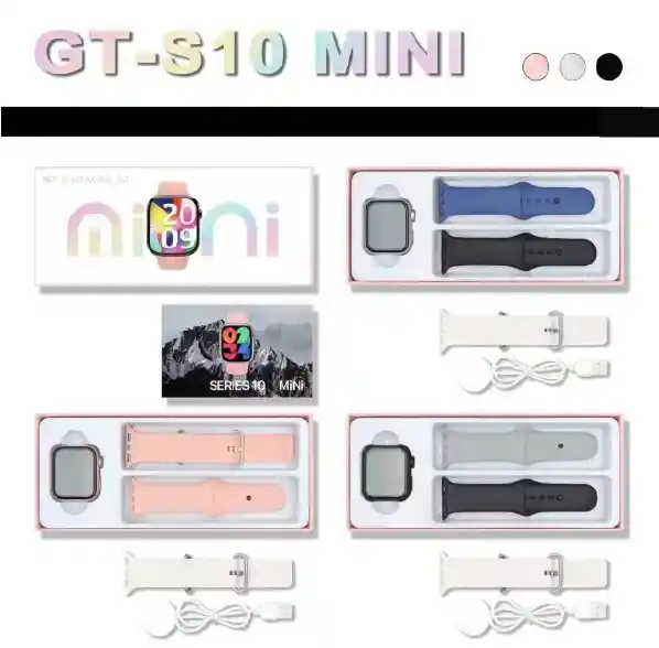 Reloj Smart Watch GT Serie 10 Mini Negro / Plata / Oro rosa + 3 correas en silicona intercambiables
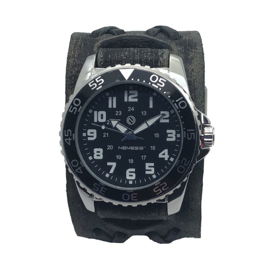 Hybrid Diver Black/White Watch with Double X Distressed Dark Brown Leather Wide CuffRegular price $135.00 USDRegular priceUnit price per
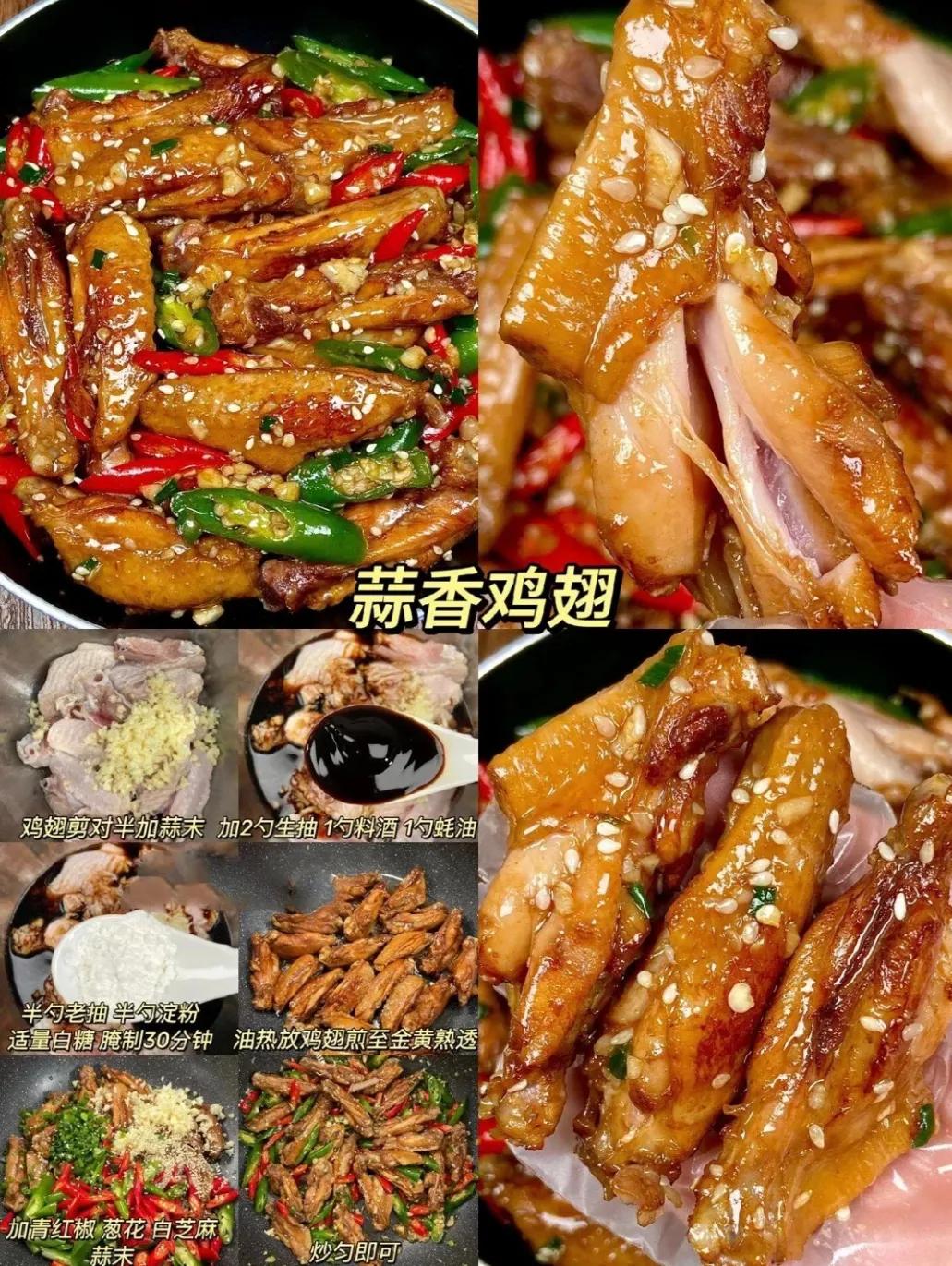 做法:锅中倒油,放入大量蒜末炒至金黄,加入鸡翅翻炒,加生抽、蚝油、少许盐调味,倒入半碗清水,焖煮 10 分钟,大火收汁。鸡翅裹满浓郁的蒜香酱汁,香到让人忍不住多吃几个!
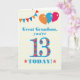 Um cartão de aniversário colorido para um neto excelente de 13 anos, O grande número 13 está cheio de um padrão laranja, vermelho e azul, esboçado em azul brilhante. Há balões e bunting no topo, em cores coincidentes e a saudação do cobrir dianteiro é, 'neto Excelente, você tem 13 anos hoje!' em letras brilhantes vermelhas e azuis, em um fundo de bolinhas muito amarelo e branco, com estrelas vermelhas e laranja em cada lado da palavra 'HOJE!'. A mensagem dentro pode ser facilmente personalizada ou excluída se você desejar.
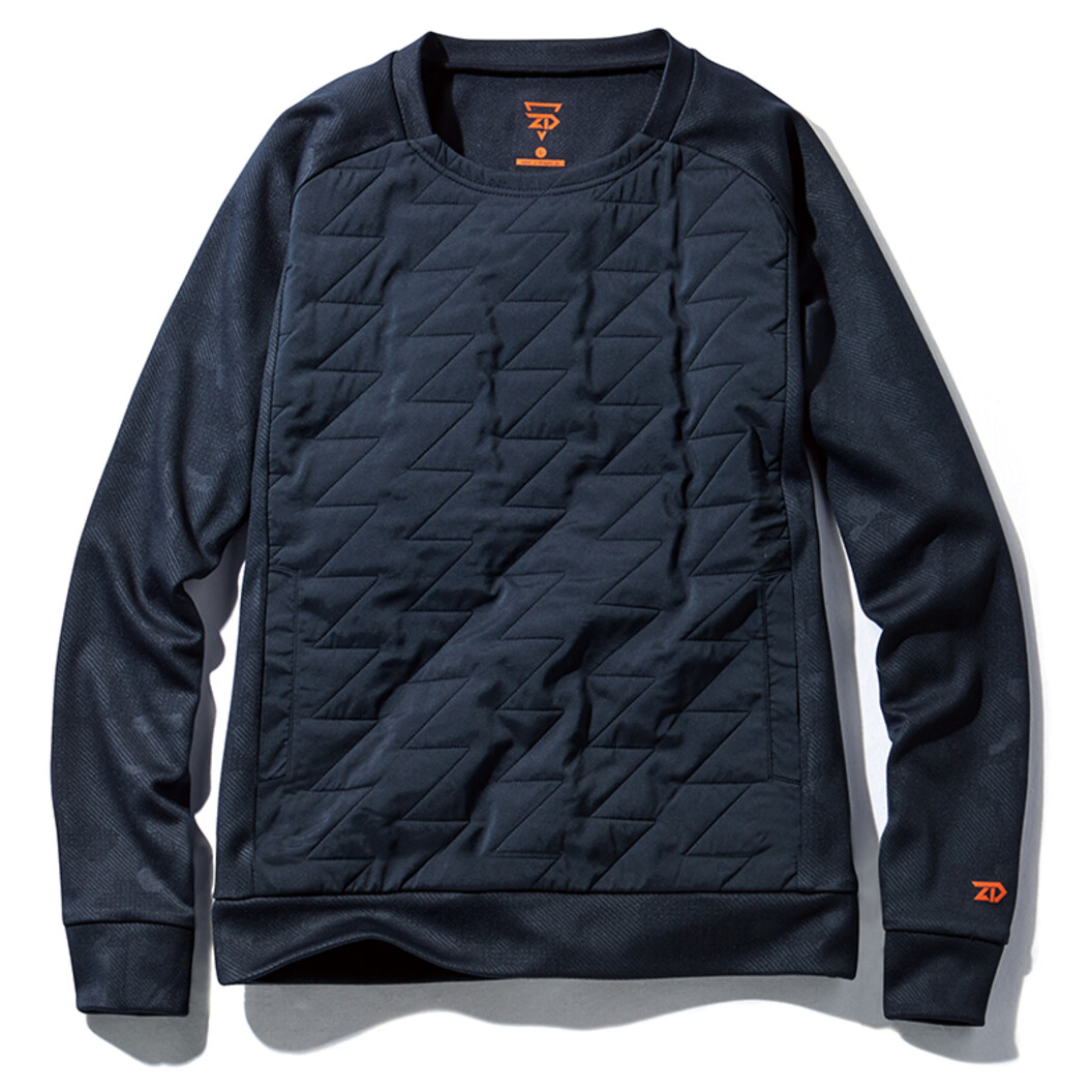 機能中綿を使用したプルオーバー。アウターとしてだけでなくインサレーション(中間着)としても活躍する一着です。

◆ **YOUR TASK**
Since the pictures are not wanted, transcribe only the rest of the material above, exactly as it stands.

◆ **RESPONSE BOX**
 Reloj Smart Watch GT Serie 10 Mini Negro / Plata / Oro rosa + 3 correas en silicona intercambiables
 Hybrid Diver Black/White Watch with Double X Distressed Dark Brown Leather Wide CuffRegular price $135.00 USDRegular priceUnit price per
 做法:锅中倒油,放入大量蒜末炒至金黄,加入鸡翅翻炒,加生抽、蚝油、少许盐调味,倒入半碗清水,焖煮 10 分钟,大火收汁。鸡翅裹满浓郁的蒜香酱汁,香到让人忍不住多吃几个!
 Um cartão de aniversário colorido para um neto excelente de 13 anos, O grande número 13 está cheio de um padrão laranja, vermelho e azul, esboçado em azul brilhante. Há balões e bunting no topo, em cores coincidentes e a saudação do cobrir dianteiro é, 'neto Excelente, você tem 13 anos hoje!' em letras brilhantes vermelhas e azuis, em um fundo de bolinhas muito amarelo e branco, com estrelas vermelhas e laranja em cada lado da palavra 'HOJE!'. A mensagem dentro pode ser facilmente personalizada ou excluída se você desejar.
 機能中綿を使用したプルオーバー。アウターとしてだけでなくインサレーション(中間着)としても活躍する一着です。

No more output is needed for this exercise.